Billy Young interviewed by Mairi Telford-Jammeh on 3 March 2013, in Langholm.Interviewed: 3 March 2013.
Ref: DG3-4-1-2
© European Ethnological Research Centre, 2016.Billy recalls how the Cornet is elected and how it felt to become Cornet to the Langholm Common Riding.

MT-J: You’ve been a cornet yourself Billy, can you tell me about how that came about, and what age you were?

BY: Well I was cornet in Nineteen eighty four, and I was twenty six then…my father was cornet in Nineteen fifty, and my nephew, Andrew Elliot was Cornet last year in Two thousand and twelve so my mother has actually seen a husband, a son and a grandson all being cornet which is quite a unique thing. It’s the greatest honour that Langholm can bestow on any of its sons now because at one point it could honour somebody by making them a Freeman of the Burgh. Of course the old town council disappeared and Langholm as a burgh it doesn’t exist now so that honour can’t be bestowed on anybody so this is the highest honour that they can bestow on anybody is to make them cornet, and the way the cornet is elected is it’s a public ballot. It’s been a public ballot for, Oh…well over a hundred years, but in Nineteen twenty they had the first official ballot…proper ballot. Up until then people would hold their hands up, you’d elect the cornet by a show of hands, but people started to put both hands up. So they introduced a formal ballot system.

MT-J: Like an election, like a proper election?

BY: That’s right. And that is done on the night that they have what we call ‘the public meeting’ in May, and as the public meeting is taking place, the ballot papers are being counted, through the back in the Buccleuch Centre, and somebody comes onto the stage and announces who the cornet is, so it’s a complete surprise to everybody, and the left and right hand men, the two previous cornets then run from there to the cornets house. So he doesn’t know he’s cornet until he sees these two guys running up his path.

MT-J: Can you remember what that felt like yourself when that happened to you?

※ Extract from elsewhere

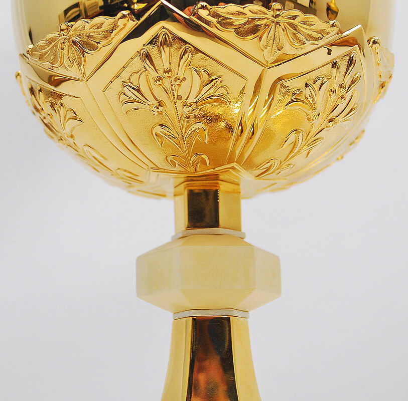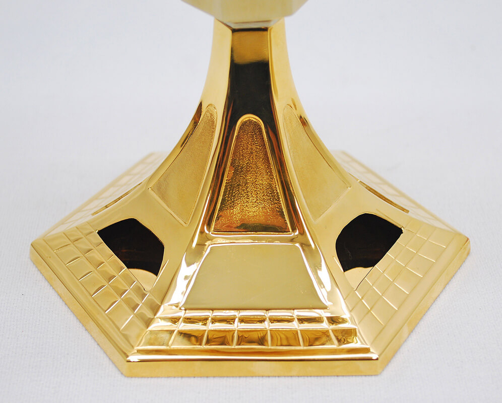 This is a previously used 800/1000 silver Chalice that is 8" tall. It has a nice decorative calyx and a stone node. The 6" paten is included in the sale. This item is in good usable condition and would not need any restoration.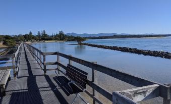 Be surprised! This 3 bedroom 2 bathroom home opens directly onto the Kalang River. The large high ceiling deck is your private viewing platform for watching river life. You can fish or get mud crabs from the back yard.

BY: Well obviously it was euphoria, it was great great excitement. I can’t remember a great deal about it I can remember vividly last year when my nephew was elected cornet because he lives at Burnfoot Farm up Ewes and he asked if he could have his base that night in our house in Caroline Street, so he had all his friends around and all his family were there, in the hope that he would be elected cornet and of course the door burst open and in ran the right and left hand men and that was the start of it and it was great great excitement and great celebration.